Reportase.tv, Jakarta – Polda Metro Jaya mengamankan ribuan orang dalam unjuk rasa yang berujung kericuhan pada Kamis (8/10). Seperti diketahui, sejumlah elemen buruh dan mahasiswa menggelar aksi unjuk rasa usai DPR mengesahkan Undang-undang Omnibus Law Cipta Kerja.

Kapolda Metro Jaya Irjen Pol Nana Sudjana mengatakan, dari jumlah tersebut mayoritas merupakan pelajar. Sebagian besar mereka juga telah dibebaskan karena tidak terbukti melakukan aksi kriminal.

Dari total 1.192 orang yang diperiksa, sebanyak 135 orang berpotensi naik penyidikan. Kemudian, mengerucut lagi jadi 83 orang.

“Dari hasil pemeriksaan, ada 135 orang yang berpotensi ke tingkat penyidikan. Dari data itu, yang sudah ditingkatkan ke proses penyidikan sebanyak 83 orang kemudian 54 orang ditetapkan sebagai tersangka,” ujar Nana di Mapolda Metro Jaya, Senin (12/10).

Dari 54 orang tersebut, sambung Nana, sebanyak 28 orang telah ditahan oleh pihak kepolisian. Sementara mayoritas pelajar yang sempat diamankan telah dikembalikan ke orang tuanya.

“Mayoritas pelajar dan mereka kami pulangkan dengan syarat, orang tua datang dan membuat pernyataan,” kata dia.

Lebih jauh Nana mengimbau masyarakat untuk tidak melakukan aksi unjuk rasa. Bukan tanpa alasan, karena angka kasus Covid-19 di DKI Jakarta masih termasuk paling tinggi di Indonesia.

“Jangan sampai ada kluster unjuk rasa.
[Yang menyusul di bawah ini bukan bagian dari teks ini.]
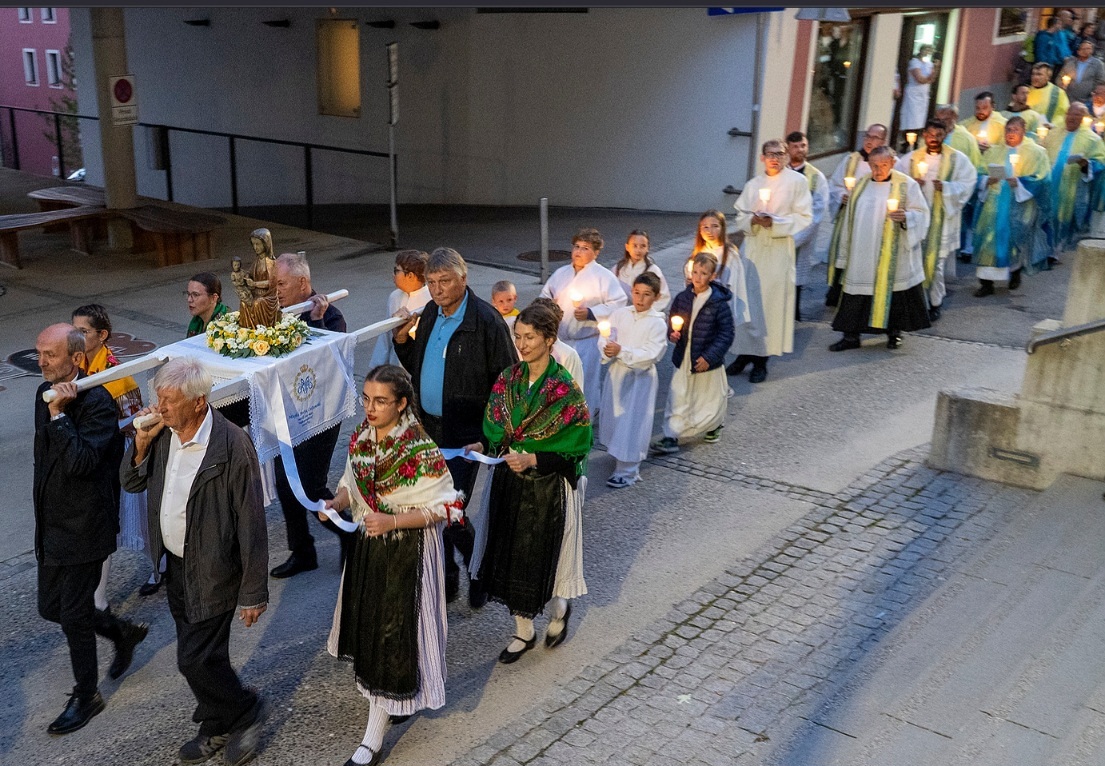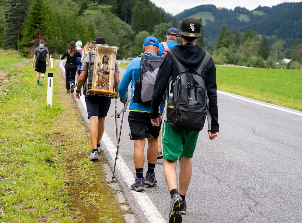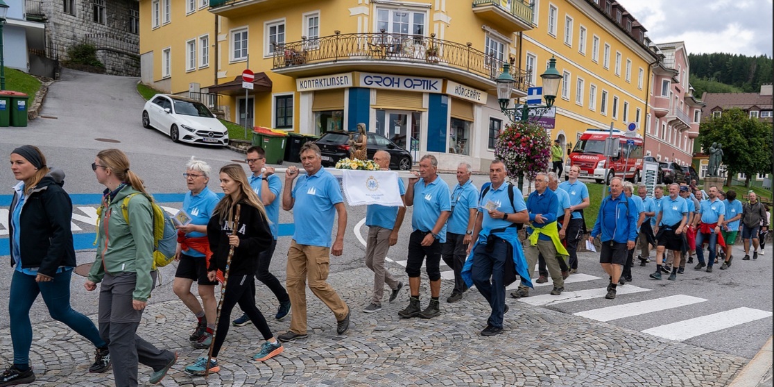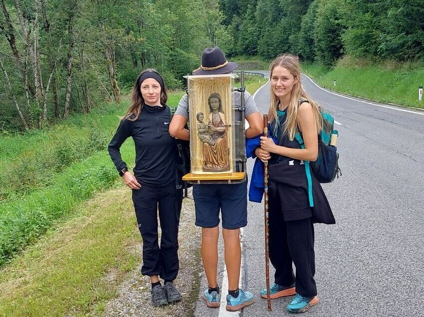 Am Donnerstag, 21. August starteten viele Fusswallfahrer den Weg nach Mariazell, am Rücken die Statue, die abwechselnd von den Fußwallfahrern getragen wurde.

Apalagi sampai sekarang DKI masih merupakan zona merah, di mana kasus Covid-19 masih sangat tinggi,” katanya.

Seperti diketahui, sejumlah fasilitas umum dan pos polisi mengalami kerusakan dalam unjuk rasa yang berujung kericuhan tersebut. Nana juga menyebut sejumlah anggotanya mengalami luka-luka saat pengamanan aksi unjuk rasa Jumat lalu.

“Ada juga korban dari polisi dan TNI. Ada 29 anggota Polda Metro yang mengalami luka, dari jumlah tersebut enam masih dirawat, tiga anggota TNI juga mengalami luka,” kata Nana.